When I saw scapes last Sunday at Union Market I was so excited but I didn’t dare buy them. There was no price tag and I learned my lesson the hard way last time with the $6 leeks.

I waited until Monday and scooted on down to the Union Square greenmarket to grab some before they closed. If you dig around, the scapes will be roughly $2-3 per bunch. Some places had them for $8 -$10 / pound. I have no idea what that equals out too but it just seems high!

I’ve been to the greenmarket quite a bit this past week but it mainly consists of me getting there 5 minutes before things close. Yesterday though was different and I was very excited to be able to look around a bit before it closed. I ended up leaving with a lemon verbena plant, rosemary, spring garlic and a beautiful bunch of bok choy.

When I got home and realized that I bought a lemon verbena plant with no plan in mind, I kicked myself. I was intoxicated by its smell and clearly did not realize what I was doing to myself. My little herb garden is taking over my window life and I’m getting a bit overwhelmed. Never mind that I already have lemon balm growing larger than it’s container.

But then I realized that it would be a nice addition to garlic scape basil pesto. So here you go people – Garlic Scape Pesto with lemon verbena. Enjoy!

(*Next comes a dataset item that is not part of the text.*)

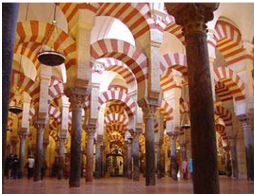
C. Mezquita de Córdoba, arte islámico.

1 bunch of Garlic Scapes – Roughly chopped – about 1 ½ cup.
1 c. of packed basil
¼ c. of lemon verbena
¼ c. of toasted walnuts cooled
¾ c. of quality virigin olive oil. I ended up using my Twin Sisters Ranch Stone Press Oil I got in Calistoga.
½ c. grated Parmesan cheese

Put chopped scapes, basil, lemon verbena, cooled walnuts and olive oil in your food processor until well blended. Stir in Parmesan cheese. And because I have a tendency to let things go bad, I divided into tablespoon servings in a mini muffin pan. This is in the freezer and will be great for future use!